This project implements feasible rounding approaches combined with branch-and-bound search outlined in this paper Feasible rounding approaches and diving strategies in branch-and-bound methods for mixed-integer optimization. It makes use of so-called inner parallel sets (IPS) of the original feasible set to guarantee feasibility of roundings.
This project is a prototype of objective-IPS-diving and feasibility-IPS-diving that can be applied to Pyomo models. It is mainly intended for researchers to experiment and compare computational results on their MICP instances and to enable an easy reproducibility of the computational results of the above article.
The method has been tested under Matlab R2020a. For solving the sub-LPs it uses Gurobi as LP-solver which needs to be installed.
You can run the test
testscripts/runTests
to see if the method is running correctly.
The following runs the diving method on Example 4.1 from the above article.

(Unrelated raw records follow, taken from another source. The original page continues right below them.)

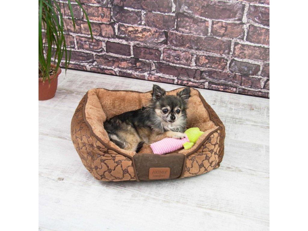 Akinu Pelech GOLD 4hran. XS-47x37x17 má vnitřní polštář, který je obsoutranný. Z jedné strany je reliéfní vzor a z druhé strany měkounký plyš.
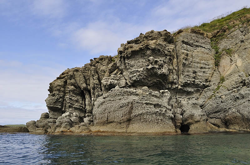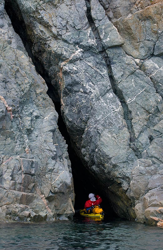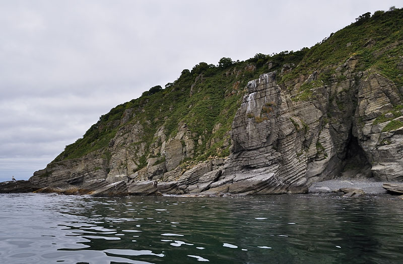 Моросит. Дождевая пыль, оседая на поверхность моря, шуршит, словно не настроенный приемник. Угрюмые мокрые скалы с застрявшими на вершинах лохмотьями тумана и мы такие же мокрые, перебирая веслами воду, шествуем вдоль... Такое вот кино крутилось на закрытой от ненастья стороне острова. |
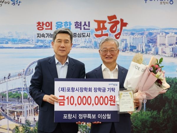 영남연합포커스 김진우 기자 | 이상철 포항시 정무특보가 퇴임을 앞두고 22일 인재 육성 장학금 1,000만 원을 포항시 장학회에 기탁하며 지역사회에 훈훈한 미담이 되고 있다.
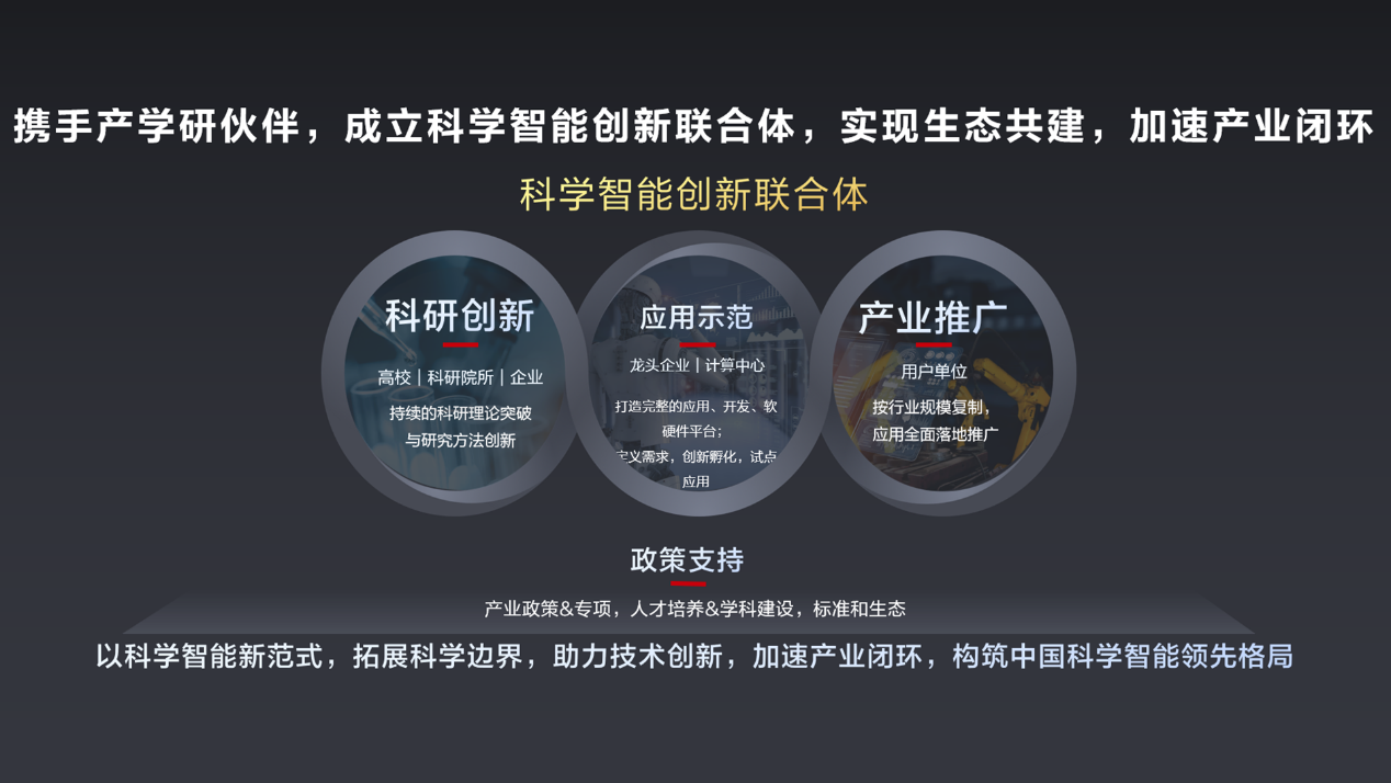 为更好地聚焦产业价值场景,打通科研创新、应用示范到产业推广的通道,华为倡议成立科学智能创新联合体,携手产学研用,突破科学前沿,加速科研创新到产业落地进程,加强交叉学科建设和人才培养,共建科学智能新生态。
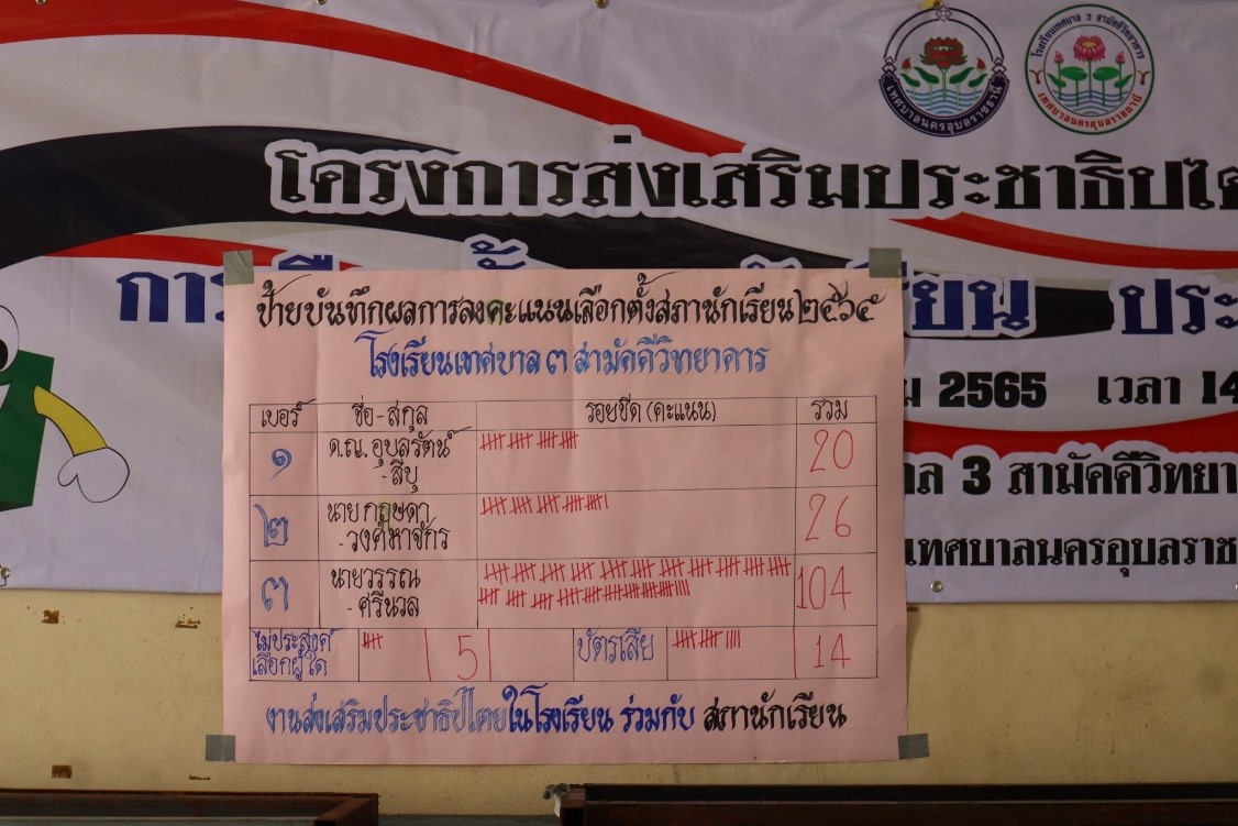 โรงเรียนเทศบาล 3 สามัคคีวิทยาคาร สังกัดสำนักการศึกษา เทศบาลนครอุบลราชธานี ภายใต้การบริหารงาน ของ นางสาวพิศทยา ไชยสงคราม นายกเทศมนตรีนครอุบลราชธานี โดย นายปรีชา สุขศรี ผู้อำนวยการสถานศึกษา มอบหมายให้ ฝ่ายกิจการนักเรียน ดำเนินการจัดกิจกรรมเลือกตั้งสภานักเรียนประจำปีการศึกษา 2565 ตามโครงการส่งเสริมประชาธิปไตยในโรงเรียน เมื่อวันที่ 27 พฤษภาคม 2565 ณ อาคารเรียนอุทุมพร
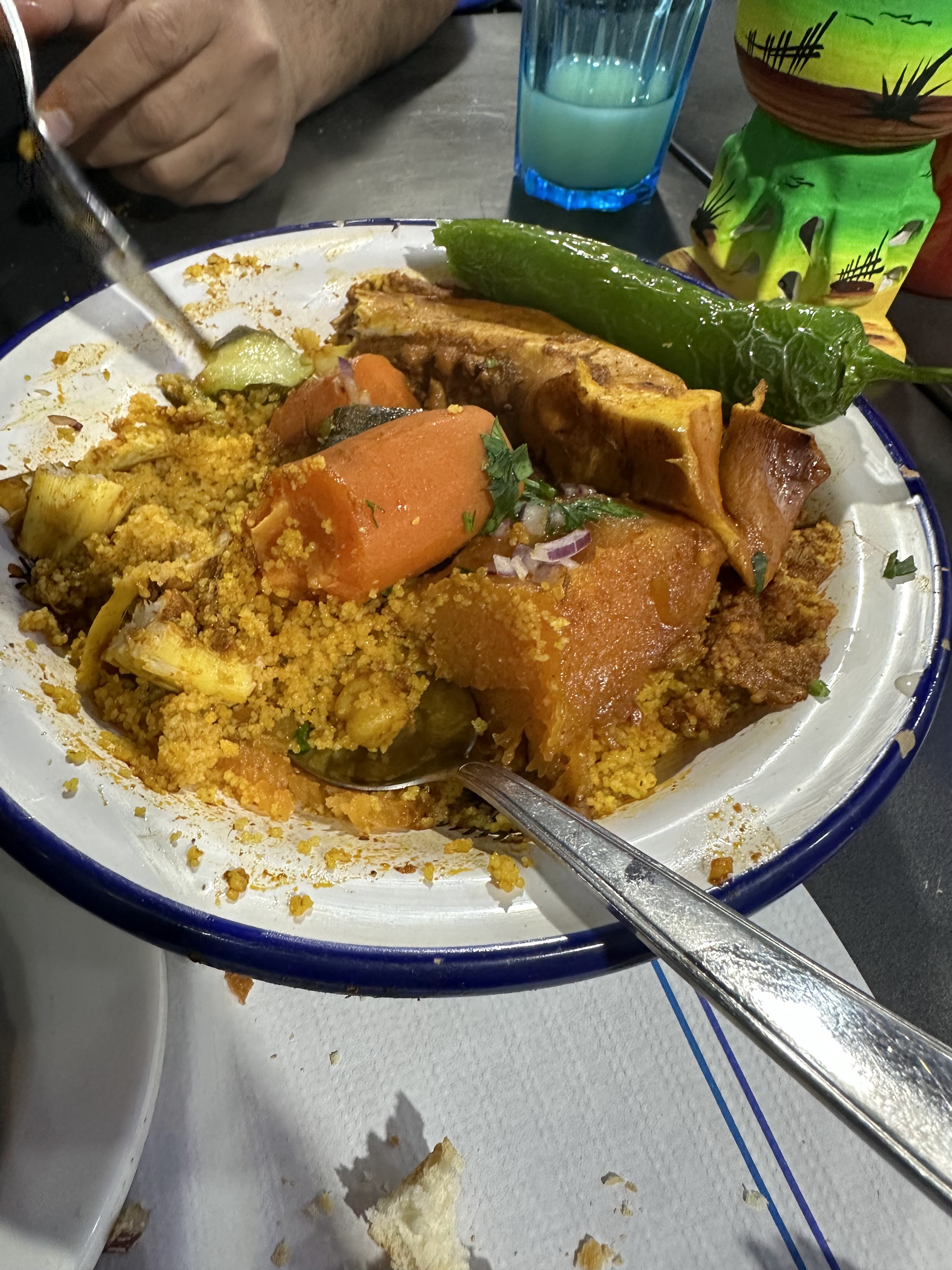 Je suis aller avec ma mère , elle a pris chorba poisson + kemounia et moi un couscous poisson c’était magnifique
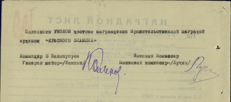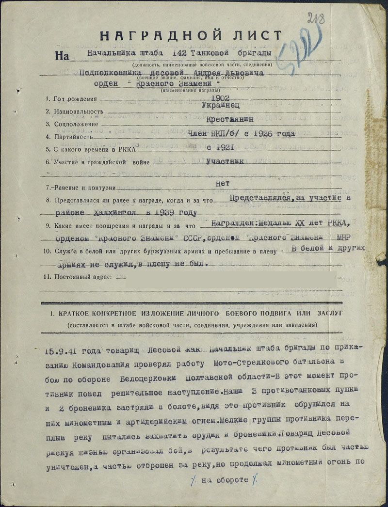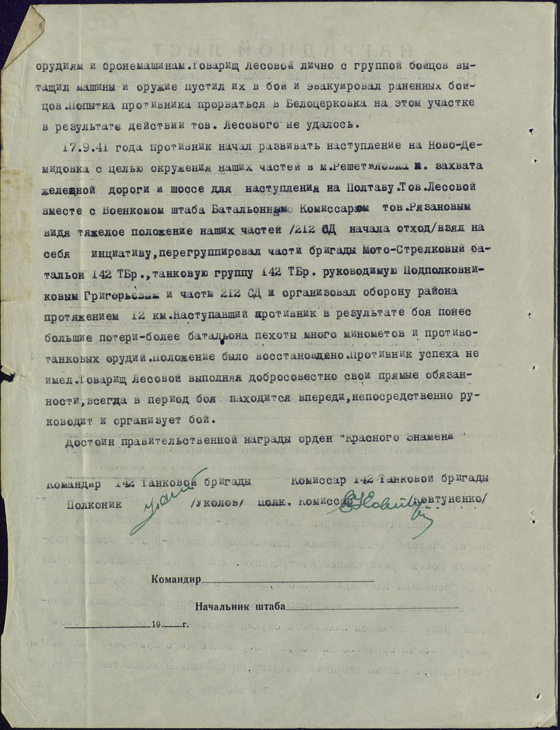 Как начальник штаба наградные подписывал подполковник Лесовой Андрей Львович. Отличившийся в боях у реки Халхин-Гол командир 7-й мотоброневой бригады, в октябре 1940 г. он был зачислен слушателем Военной Академии Генштаба. Однако проучиться удалось лишь год. Как и многих других командиров его набора подполковника Лесового отправили на фронт. 15 сентября 1941 г. он отличился в районе Белоцерковки, а 17 сентября - в районе Ново-Демидовки, где он с военным комиссаром штаба батальонным комиссаром Рязановым Вениамином Амосовичем организовал успешную оборону на участке в 12 км. Правда, с 212-й стрелковой дивизией полковника В.В.Бардадина, которая когда-то была моторизованной и входила в состав 15-го механизированного корпуса.
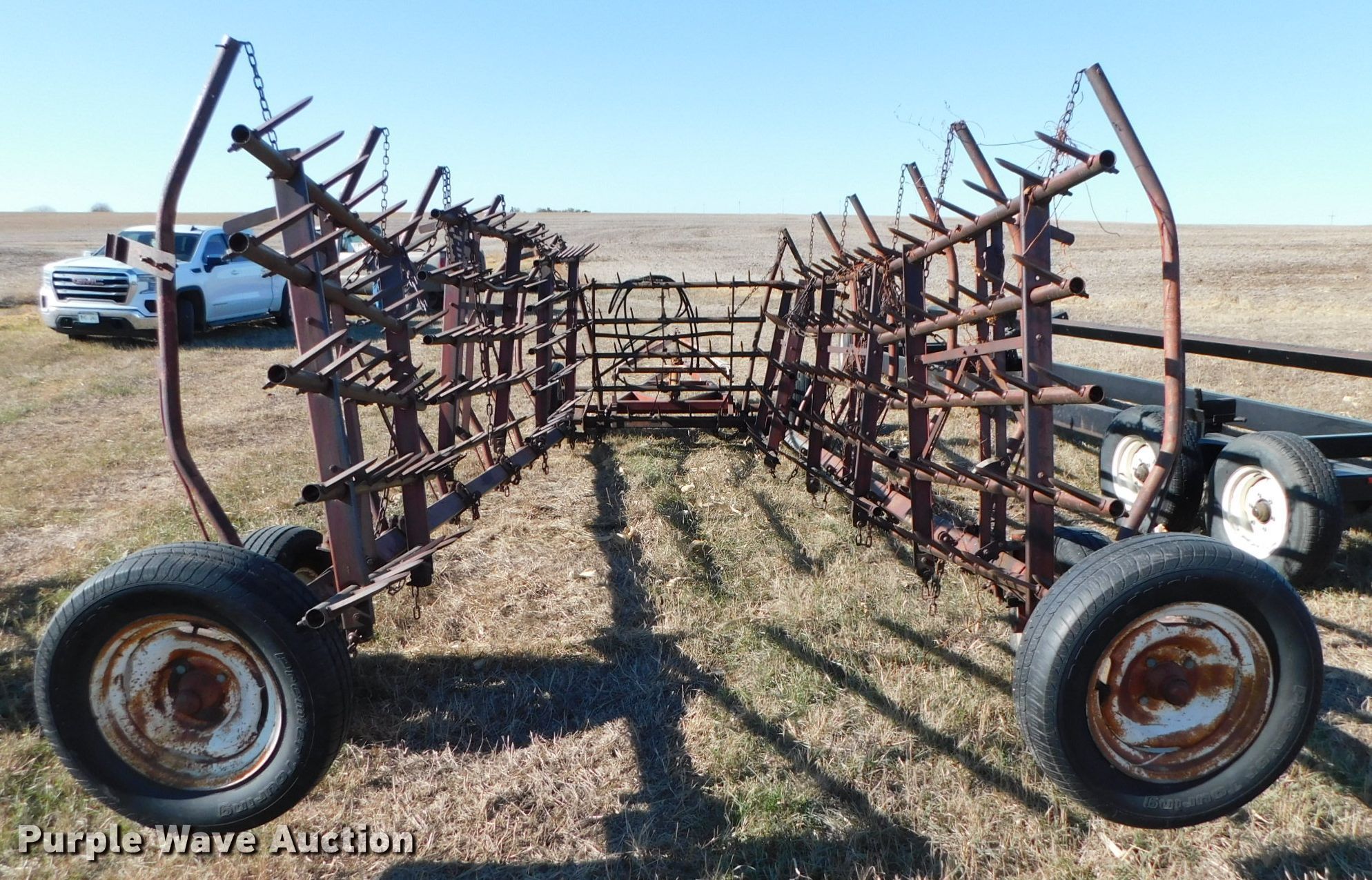 International drag. 40'W, (7) approx. 48"L x 65"W drag sections, Hydraulic lift, Adjustable bar width, P205/70R15 tires, Serial 0110000U000960. TB Farms & Seed Sales. 71365 570th Ave. Fairbury, NE 68352

params.mode = 'MC'; %Can be 'MC'(max constraints - greedy) or 'RA'(random)
params.maxIter = 30;
%Model from Example 4.1.
model.obj = [-1;0;-3];
model.A = sparse([1,1,2;-2,-2,1]);
model.lb = transpose(repelem(0,3));
model.ub = transpose(repelem(2,3));
model.rhs = [3;-1];
model.vtype = repelem('I',3);
model.sense = transpose(repelem('<',2));
%FRA_diving_heuristic first executes feasibility diving and, after arriving
%at a granular node, optimality diving.
resultsDiving = FRA_diving_heuristic(model, params);
fprintf('depth of the first granular node is %i \n',resultsDiving.depth0)
fprintf('point found by diving is: ')
resultsDiving.xy
fprintf('objective value of the feasible point is %i \n',resultsDiving.objVal)
which returns:
Running Feasibility diving
Diving successful at depth 0
Running Optimality diving
Optimality Diving from root node.
Updating v_check from Inf to -2.00 at depth 0
depth of the first granular node is 0
point found by diving is:
ans =
2
0
0
objective value of the feasible point is -2
This example is contained in the script exampleDiving.m
.
The computational experiments from Section 5.2 in Feasible rounding approaches and diving strategies in branch-and-bound methods for mixed-integer optimization may be reproduced by running the scripts
runDivingOnMIPLIBInstances.m
These scripts needs a path to stored MIPLIB-instances which can be downloaded at this website.
The folder resultAnalysisPython
contains an excel file of the results along with a jupyter notebook where the analysis of the paper is done.